Read A Carol Christmas Online

Authors: Sheila Roberts

A Carol Christmas (30 page)

“Ah,” sang Beryl, “Here’s my assistant now.”

Mr. Margolin, Mr. Nutri Bread himself, was a man in his late fifties who looked like he ate too much of his own product. He rose from his chair to shake my hand. “Wonderful campaign,” he said. “We’re very excited.”

“We’re all very excited,” said Mr. Phelps, smiling benevolently on me.

Oh, if I were in a happier frame of mind, what a perfect day this would be!

“Well,” Phelps said briskly, “let’s get started.”

As we pulled up our chairs and began the meeting, I was wishing I’d talked with Mom the night before, wishing I could have heard her say, “I forgive you, Andie.” Then maybe I could have forgiven myself. If only I’d taken a minute to call her when I first got to work and tell her I loved her and how sorry I was that I’d messed up Christmas.
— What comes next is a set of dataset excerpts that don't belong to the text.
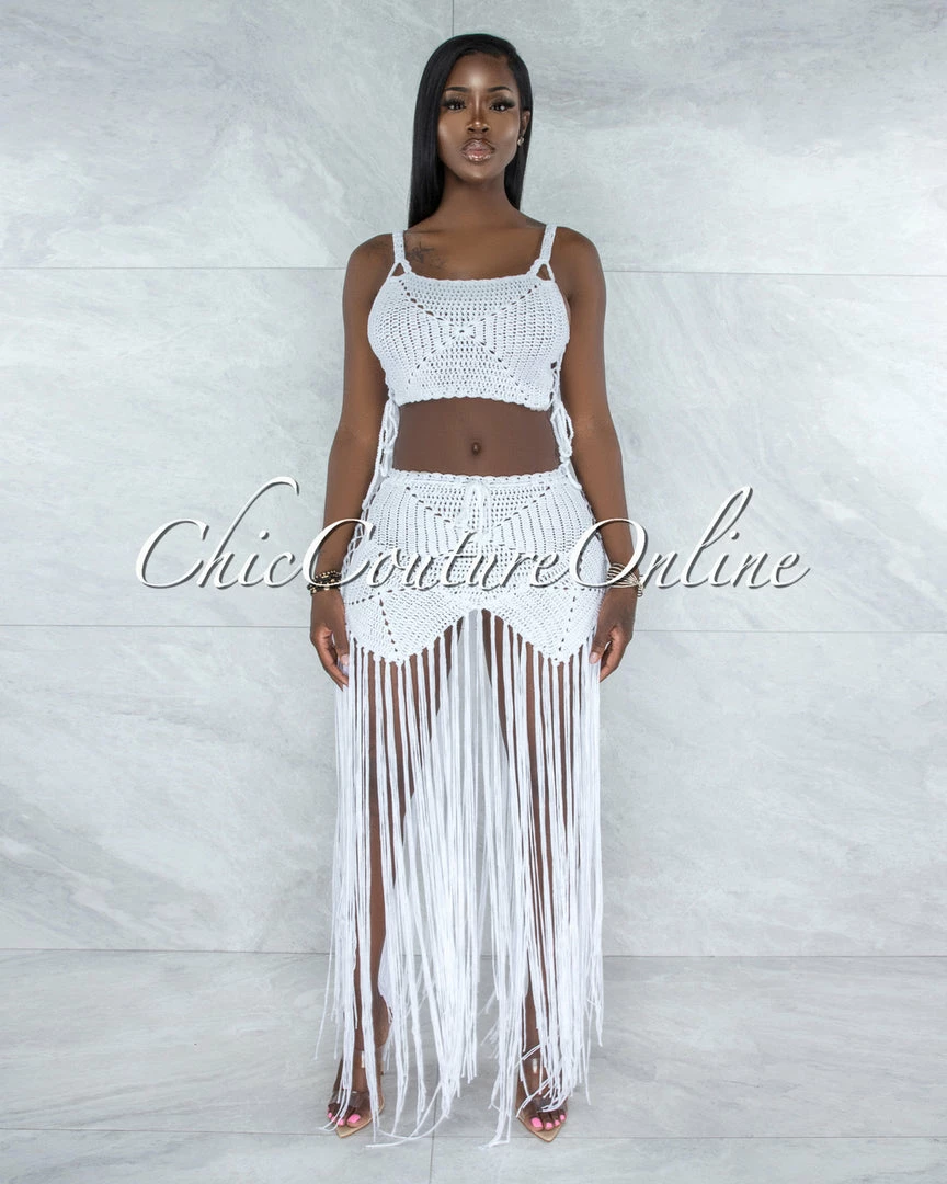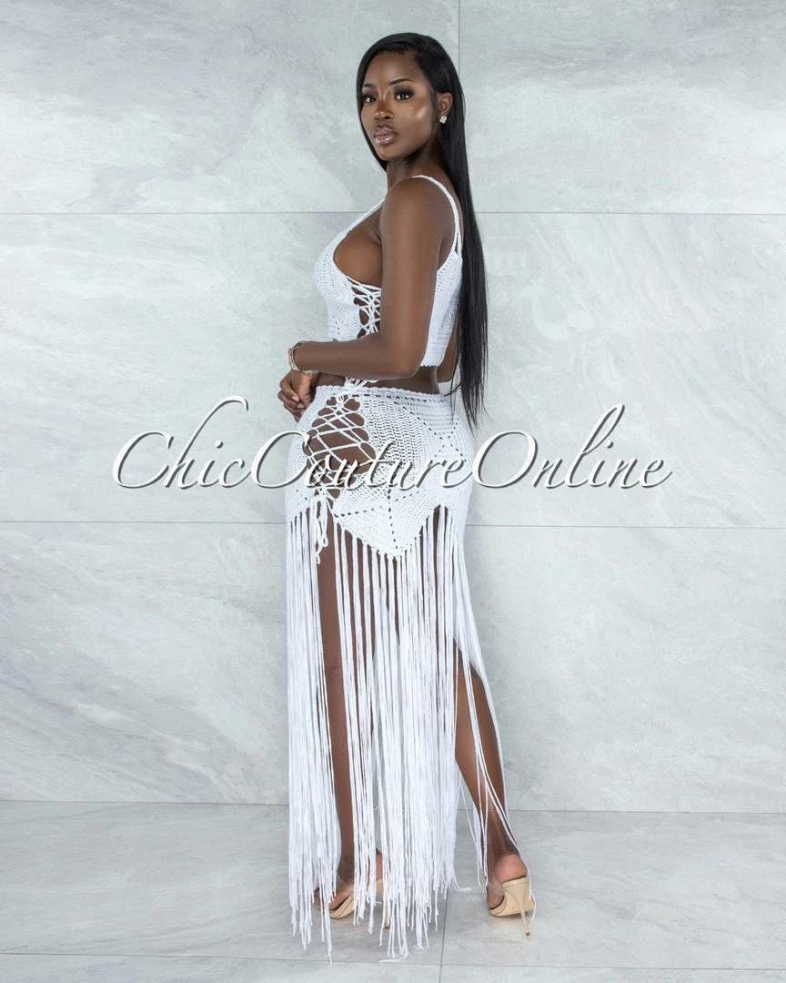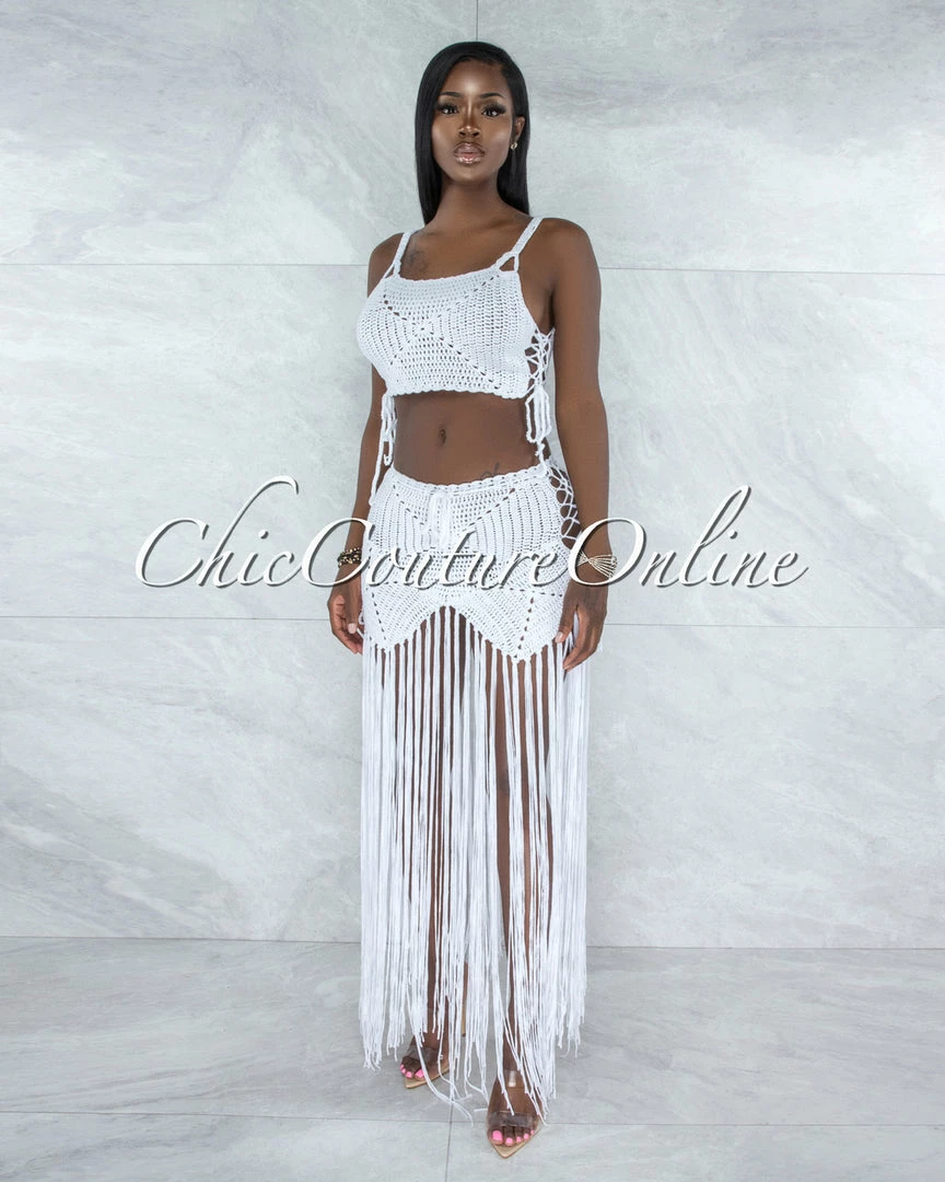 Crochet is the beach day way! Sexy open knit coverage gives way to a dramatically long, fringed hem, creating a whole lot of gorgeous movement.
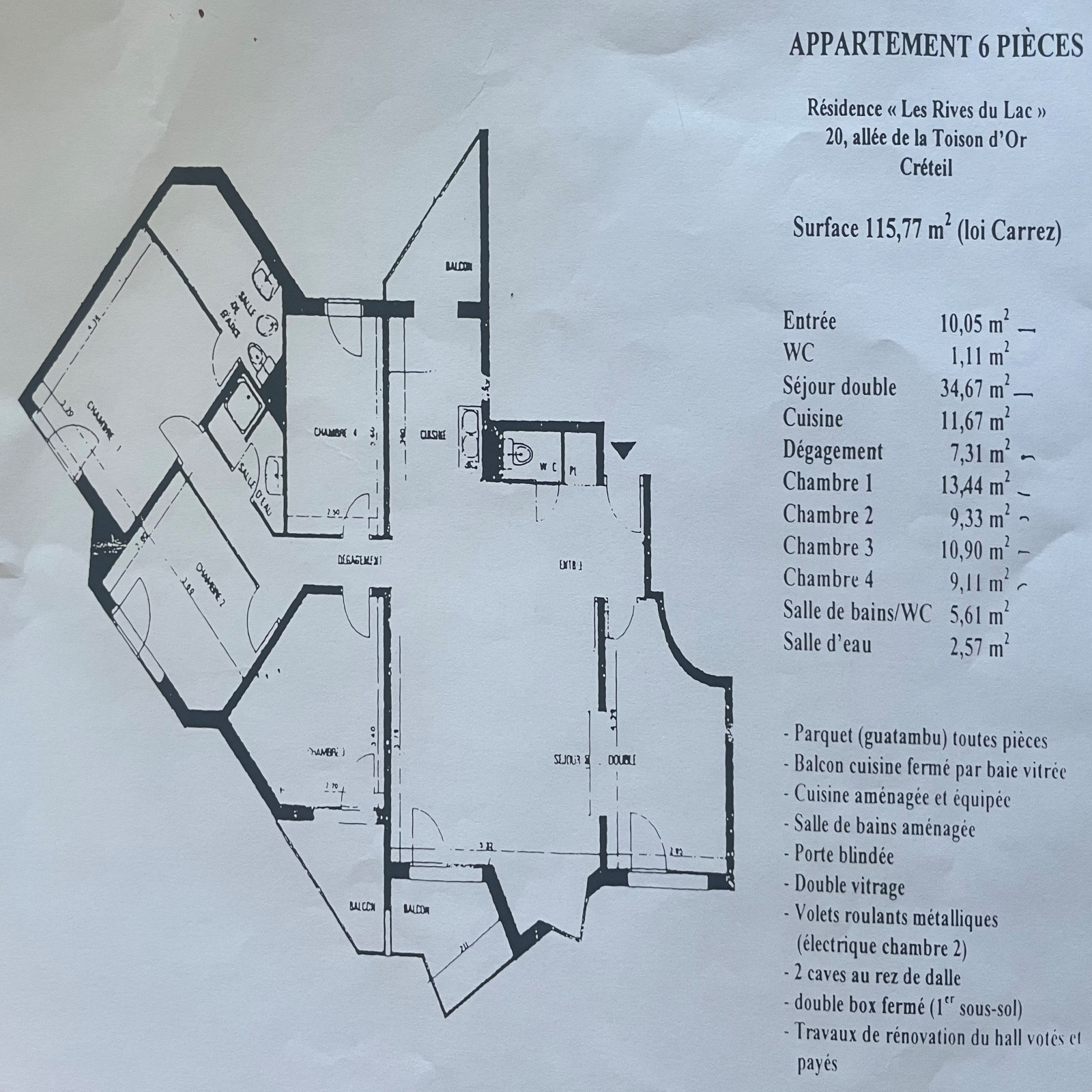 Résidence de la Toison d'Or de 1980 au 3ème étage avec VUE SUR LE LAC, TRES CALME, proche métro Créteil Préfecture et Centre Commercial, ce grand 6 pièces de 115,63m² Carrez comprenant : Belle entrée avec dressing et placard, wc indépendant avec lave mains, vaste séjour de 35m² avec balcon à l'Ouest et vue sur le lac sans vis à vue et salle à manger (pouvant être séparée pour faire 5ème chambre), belle cuisine équipée avec bar et cellier, 4 chambres dont 1 suite parentale avec sa propre salle d'eau avec 2ème wc, et une des chambres à sa loggia fermée par baie vitrée, 2ème salle d'eau. Porte blindée, double vitrage, volets roulants métalliques, 2 CAVES ET DOUBLE BOX FERME.
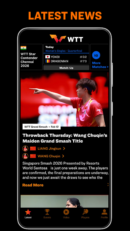 ยินดีต้อนรับสู่แอป WTT อย่างเป็นทางการและสุดยอดบ้านของเทเบิลเทนนิส
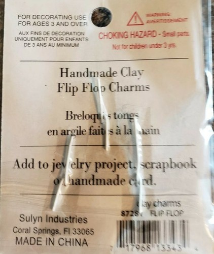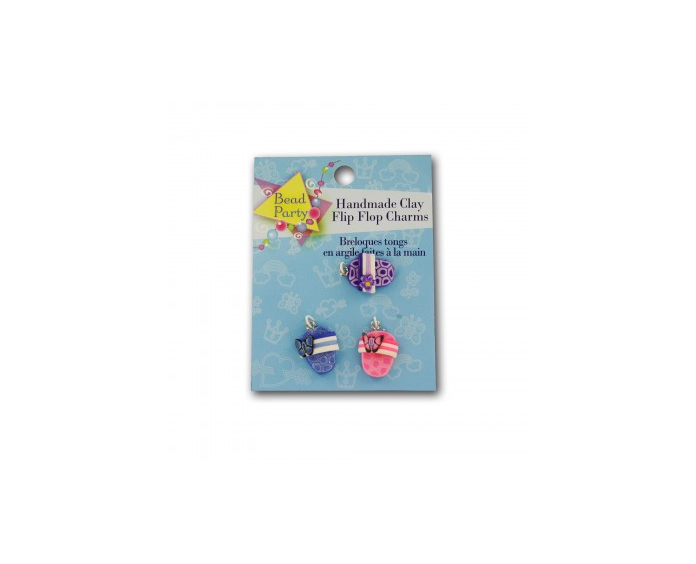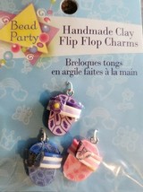 BEAD PARTY ~ HANDMADE CLAY ~ FLIP FLOP CHARMS ~ THREE (3) ~ PURPLE ~ BLUE ~ PINK
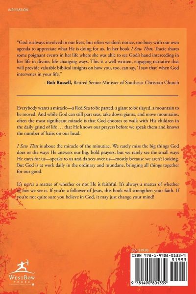 "God is always involved in our lives, but often we don't notice, too busy with our own agenda to appreciate what He is doing for us. In her book I Saw That, Tracie shares some poignant events in her life where she was able to see God's hand interceding in her life in divine, life-changing ways. This is a well-written, engaging narrative that will provide valuable biblical insights on how you, too, can say, 'I saw that' when God intervenes in your life." - Bob Russell, Retired Senior Minister of Southeast Christian Church Everybody wants a miracle-a Red Sea to be parted, a giant to be slayed, a mountain to be moved. And while God can still part seas, take down giants, and move mountains, often the most significant miracle is that God chooses to walk with His children in the daily grind of life ... that He knows our prayers before we speak them and knows the number of hairs on our head. I Saw That is about the miracle of the minutiae. We rarely miss the big things God does or the ways He answers our big, bold prayers, but we rarely see the small ways He cares for us-speaks to us and dances over us-mostly because we aren't looking. But God is at work daily in the ordinary and mundane, bringing all things together for our good. It's never a matter of whether or not He is faithful. It's always a matter of whether or not we see it. If you're a follower of Jesus, this book will strengthen your faith. If you're not quite sure you believe in God, it may just change your mind!

There was a knock on the conference room door, then Iris poked her head around. She looked apologetically at Beryl and said, “I have a call for Andie.”

“Tell whoever it is that she’s in a meeting,” Beryl said for me.

“I did. She says it’s very important.”

“Who is it?” I asked.

“Your mother.”

I started to get up, but Beryl put a hand on my arm.

“I’m sure your mother won’t mind waiting for just a little bit.” Beryl smiled at me as she spoke, but only with her mouth. Her eyes said, “Move and I’ll run you through the paper shredder.” To Iris, she said, “Please tell Andie’s mother that Andie will return her call as soon as possible.”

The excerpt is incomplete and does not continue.